Improve table readout of a dataframe in jupyter notebooks by making the table scrollable and displaying the first record batch up to 2MB

timsaucer · timsaucer · commit 75dcc454eefb · 2025-03-01T14:45:46.000+01:00
diff --git a/src/dataframe.rs b/src/dataframe.rs
@@ -30,9 +30,11 @@ use datafusion::arrow::util::pretty;
 use datafusion::common::UnnestOptions;
 use datafusion::config::{CsvOptions, TableParquetOptions};
 use datafusion::dataframe::{DataFrame, DataFrameWriteOptions};
+use datafusion::error::DataFusionError;
 use datafusion::execution::SendableRecordBatchStream;
 use datafusion::parquet::basic::{BrotliLevel, Compression, GzipLevel, ZstdLevel};
 use datafusion::prelude::*;
+use futures::{StreamExt, TryStreamExt};
 use pyo3::exceptions::PyValueError;
 use pyo3::prelude::*;
 use pyo3::pybacked::PyBackedStr;
@@ -50,6 +52,8 @@ use crate::{
     expr::{sort_expr::PySortExpr, PyExpr},
 };
 
+const MAX_TABLE_BYTES_TO_DISPLAY: usize = 2 * 1024 * 1024; // 2 MB
+
 /// A PyDataFrame is a representation of a logical plan and an API to compose statements.
 /// Use it to build a plan and `.collect()` to execute the plan and collect the result.
 /// The actual execution of a plan runs natively on Rust and Arrow on a multi-threaded environment.

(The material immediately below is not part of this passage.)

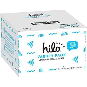 Show moreIntroducing the Hilo Life Low Carb Keto Friendly Tortilla Chip Snack Bags, a delightful fusion of taste and nutritional benefits designed for snack lovers who are watching their carbs without sacrificing flavor. Each 1-ounce pouch is meticulously crafted with almond flour, delivering a crunchy texture that’s perfect to enjoy standalone or as an accompaniment to your favorite dips. Our Variety Pack contains 12 individual bags, featuring 3 pouches each of Nacho Cheese, Ranch, Spicy Salsa, and Ultimate Taco — ensuring you have the perfect chip for every craving. Devour them guilt-free with a good source of protein, boasting a remarkable 9g of protein and only 3g of net carbs per serving, these tortilla-style chips are the ideal indulgence for those on a keto or low-carb lifestyle.

@@ -100,46 +104,57 @@ impl PyDataFrame {
     }
 
     fn _repr_html_(&self, py: Python) -> PyDataFusionResult<String> {
-        let mut html_str = "<table border='1'>\n".to_string();
+        let (batch, mut has_more) =
+            wait_for_future(py, get_first_record_batch(self.df.as_ref().clone()))?;
+        let Some(batch) = batch else {
+            return Ok("No data to display".to_string());
+        };
 
-        let df = self.df.as_ref().clone().limit(0, Some(10))?;
-        let batches = wait_for_future(py, df.collect())?;
+        let mut html_str = "
+        <div style=\"width: 100%; max-width: 1000px; max-height: 300px; overflow: auto; border: 1px solid #ccc;\">
+            <table style=\"border-collapse: collapse; min-width: 100%\">
+                <thead>\n".to_string();
 
-        if batches.is_empty() {
-            html_str.push_str("</table>\n");
-            return Ok(html_str);
-        }
-
-        let schema = batches[0].schema();
+        let schema = batch.schema();
 
         let mut header = Vec::new();
         for field in schema.fields() {
-            header.push(format!("<th>{}</td>", field.name()));
+            header.push(format!("<th style='border: 1px solid black; padding: 8px; text-align: left; background-color: #f2f2f2; white-space: nowrap; min-width: fit-content; max-width: fit-content;'>{}</th>", field.name()));
         }
         let header_str = header.join("");
-        html_str.push_str(&format!("<tr>{}</tr>\n", header_str));
+        html_str.push_str(&format!("<tr>{}</tr></thead><tbody>\n", header_str));
+
+        let formatters = batch
+            .columns()
+            .iter()
+            .map(|c| ArrayFormatter::try_new(c.as_ref(), &FormatOptions::default()))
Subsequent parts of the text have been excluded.